André Dauchez, parution du catalogue raisonné de l’oeuvre gravé!

André Dauchez, portraitiste de la Cornouaille  – 

Catalogue raisonné de  l’œuvre gravé

©Stéphane Brugal – 2018 – ISBN: 978-2-9564449-0-9

Stéphane Brugal, historien de formation, diplômé de l’Institut d’études techniques et historiques des objets d’art, découvre l’oeuvre d’André Dauchez dans le cadre de son parcours de galeriste spécialisé dans les artistes ayant succombés aux charmes de la Bretagne.

Par cet ouvrage, Stéphane Brugal met en lumière l’art de la gravure d’André Dauchez, sa technique de l’eau-forte dont il devint l’un des grands représentants de la première moitié du XXe siècle.

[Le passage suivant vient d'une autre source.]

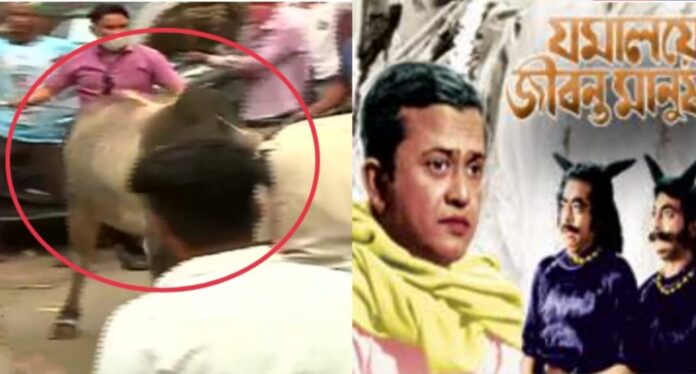 দ্য বেঙ্গল পোস্ট প্রতিবেদন, পশ্চিম মেদিনীপুর, ৩ এপ্রিল: এ যেন ভানু বন্দ্যোপাধ্যায়ের ‘যমালয়ে জীবন্ত মানুষ’ সিনেমা! ছবির নায়ক ভানু (সিধু) যমরাজকে শায়েস্তা করতে ভোলা নামক ষাঁড়কে লেলিয়ে দিয়েছিলেন! নরকে তখন রীতিমতো হুলুস্থুল কাণ্ড! প্রাণ বাঁচাতে দৌড়চ্ছে গোটা যমালয়। বাংলা সিনেমার ইতিহাসে কিংবদন্তি সেই দৃশ্যের আধুনিক দৃশ্যায়ন যেন প্রত্যক্ষ করলেন হাওড়াবাসী, তথা (মিডিয়ার দৌলতে) সারা রাজ্যের মানুষ। এদিন সালকিয়ায় মুখ্যমন্ত্রী মমতা বন্দ্যোপাধ্যায়ের রোড শো শেষ হওয়ার কিছুক্ষণ আগে, হঠাৎ মিছিলের মাঝখানে ঢুকে পড়ে একটি ষাঁড়। নিমেষের মধ্যে হুলুস্থুল বেঁধে যায়! ষাঁড় বাবাজি সিং নেড়ে তেড়ে গেল সকলের দিকে। যে যার মতো দৌড়নো শুরু করল এদিক-ওদিক! বহু কষ্টে মহাদেবের বাহনটিকে শান্ত করে র্যালি থেকে বের করলেন পুলিশ কর্মীরা। তবে, স্বয়ং মুখ্যমন্ত্রী তখন হুইল চেয়ারে অনেকটাই পিছনে ছিলেন। তাই ঘটেনি বড় কোন দুর্ঘটনা! আহত হননি কোনো কর্মী-সমর্থকই।

Cet ouvrage se veut exhaustif et apporte un outil de travail qui deviendra une référence pour tous les passionnés de l’oeuvre de l’artiste.

Séduit et influencé par les lignes et la force des paysages, de la baie de Douarnenez à Belle-Ile-en-Mer, André Dauchez va réussir à transcrire les nombreux visages de cette Cornouaille bretonne : landes, dunes, estuaires et anses bordées de pins, bords de côtes et de rivières, rochers à marée basse, furent ses motifs préférés.

Les œuvres d’André Dauchez ont une vigueur merveilleuse, ces observations à l’eau-forte, spontanées, puissantes et simplifiées, nous dévoilent l’excellent graveur et le grand dessinateur qu’il était. D’une pointe fine et d’un acide mordant, André Dauchez exprime la force et la rudesse de cette Cornouaille, mais aussi son charme et sa diversité.

De ces oppositions saisissantes d’ombres et de lumière, l’artiste fait ressortir d’un trait nerveux le découpage des arbres, la physionomie d’un rivage, dans lequel l’on sent vibrer la vie. Il discerne à chaque moment les effets différents produits par l’ombre, par le soleil ou par le vent qui bouleversent sans cesse l’apparence d’un paysage, sachant capter ainsi l’essence même de son sujet tel un vrai portraitiste.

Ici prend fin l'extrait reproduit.